The way I did it was to get a grid of floats the size you want the texture to be. Then fill that with noise between 0 and 1. Then get another grid of noise half that size, fill that with noise. At this point you could resize this new noise on the graphics card to take advantage of the bilinear filtering, or if you're doing it in software you need to implement a lerp that will get a value in between four others. Then add this on to the original grid, and repeat by halving the size of the texture you're adding on each time. Then divide each value in the original grid by the number of iterations you've done.

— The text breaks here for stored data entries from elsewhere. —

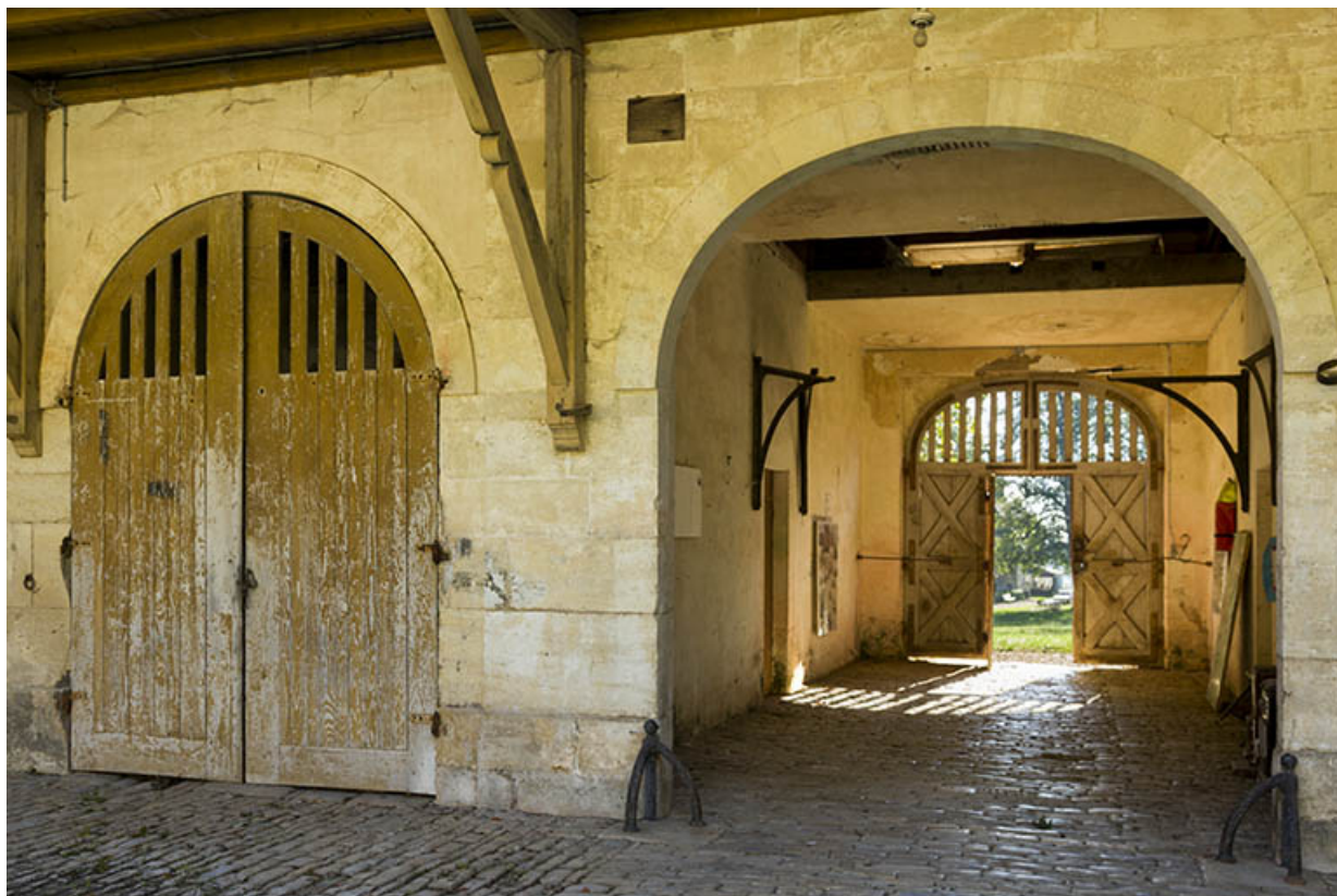
Revers du corps principal depuis la cour : le porche et le passage couvert. 70, Rupt-sur-Saône, 5 rue de la Garenne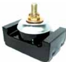
Soporte Tras. Conj. Armado Ford C/ Perkins F 350 y F 600 años 1964/68, F 250, F 700 y F 7000 (CITT6068C) Deutz (03072046)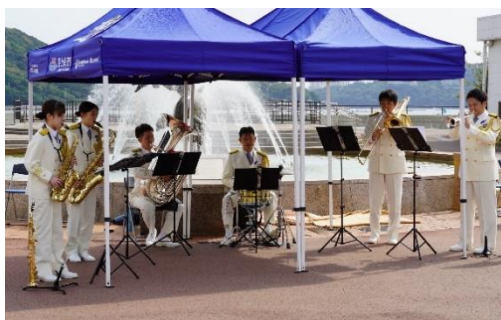
鳥羽市佐多浜東公園での演奏

午前は鳥羽市佐多浜東公園、午後は旅客船ターミナル「鳥羽マリンターミナル」においてアンサンブルコンサートを開き、伊勢志摩の海上交通の安全を担っている菅島灯台及び安乗埼灯台の役割、海の緊急通報用番号「118番」などを紹介し、来場者に海事思想の普及及び航行の安全確保、海難の防止等海上保安活動の啓発を図った。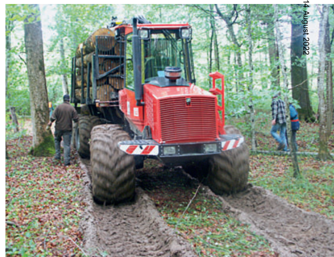
Abb 2 Fahrversuche in Ermatingen (Kanton Thurgau): Durch das gezielte Anlegen von Fahrspuren in einem kontinuierlich ansteigenden Bodenfeuchtegradienten konnte eine stetig zunehmende Deformation der Bodenstruktur erzeugt werden.

Intensive Wechselwirkungen zwischen biologischen, chemischen und physikalischen Prozessen nach physikalischen Bodenbeeinträchtigungen finden im Boden unter anderem über den Gashaushalt statt. Intakter Boden besteht je zur Hälfte aus fester Substanz und aus luft- oder wasserführenden Poren. Ein beschädigtes und eingeschränktes Porensystem verringert die Transportleistung für Wasser und Luft. Die Feinporen sind häufiger mit Wasser gefüllt. Weil Sauerstoff zehntausendmal langsamer in Wasser als in Luft diffundiert, wird Sauerstoff im Porenraum viel langsamer nachgeliefert. Der Gasaustausch zwischen Boden und Atmosphäre ist in einem verdichteten Boden, beispielsweise in Fahrspuren, gestört. Dadurch werden bei gegebenen Klima- und Feuchtigkeitsbedingungen der Luft- und Wasserhaushalt im Boden und damit die Lebensbedingungen der Mikroorganismen in Bezug auf O 2 - beziehungsweise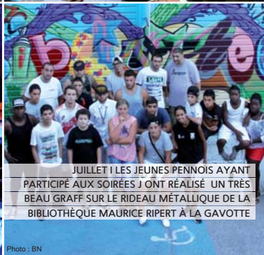
JUILLET | LES JEUNES PENNOIS AYANT PARTICIPÉ AUX SOIRÉES J'ONT RÉALISÉ UN TRÈS BEAU GRAFF SUR LE RIDEAU MÉTALLIQUE DE LA BIBLIOTHÈQUE MAURICE RIPERT À LA GAVOTTE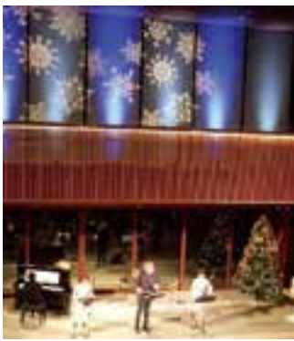
文化会館アルフォーレ

(〒945-0054日石町4-32)へ。 ※申込書は文化会館アルフォーレにあります。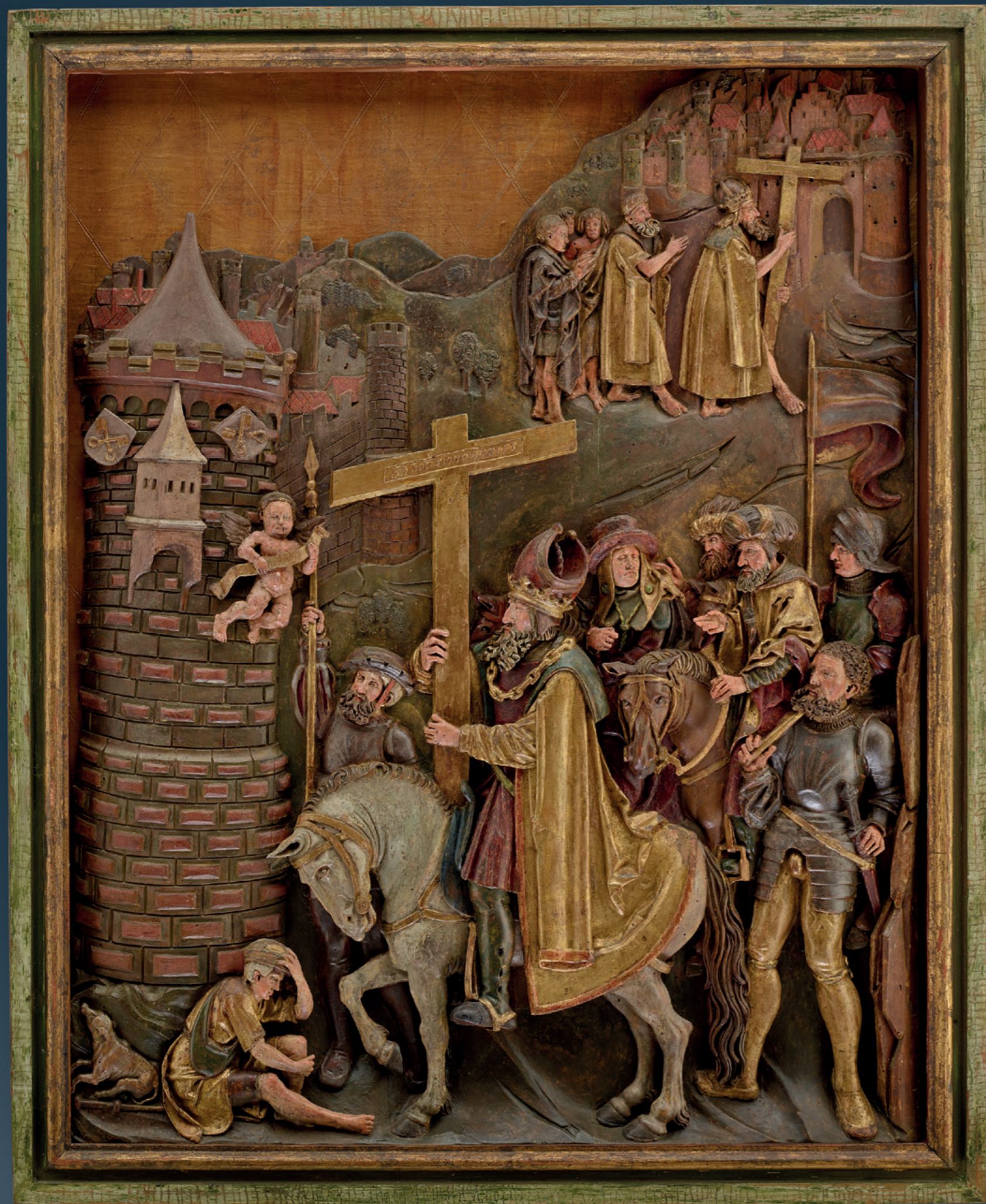
„Kaiser Heraklius bringt das Kreuz Christi nach Jerusalem zurück“ Süddeutsch, um 1520 Relief, Lindenholz geschnitzt, originale Fassung Höhe: 86 cm, Breite: 70 cm

Here's some C# code for the lerp
// where mLayers is an array of 2d float arrays each half the size of the previous one
float GetValue(int layer, int x, int y)
{
int plus = (layer + 1);
plus = (int)(Math.Pow(2, plus));
int w = (mWidth / plus);
int h = (mHeight / plus);
int xindex = (int)(x / plus);
int yindex = (int)(y / plus);
float dx = ((x % plus) + 1) / (float)plus;
int right = (xindex + 1) % w;
int down = (yindex + 1) % h;
float valuex0 = mLayers[layer][xindex, yindex] + (mLayers[layer][right, yindex] - mLayers[layer][xindex, yindex]) * dx;
float valuex1 = mLayers[layer][xindex, down] + (mLayers[layer][right, down] - mLayers[layer][xindex, down]) * dx;
float dy = ((y % plus) + 1) / (float)plus;
float value = valuex0 + (valuex1 - valuex0) * dy;
return value;
}
SDL.NET code for drawing it:
float val = 0;
for (int i = 0; i < mNumLayers; i++)
{
val += GetValue(i, mX, mY);
}
val /= mNumLayers;
int col = (int)(val * 255);
mSurface.Draw(new Point(mX, mY), Color.FromArgb(255, col, col, col));
As a note, it's really REALLY easy to make wrapping perlin noise by making sure the values you use for the edges of the grid are the same. So if you have a 16x16 grid of noise you want to use the pixel at (0,0) instead of the pixel at (15,0) etc.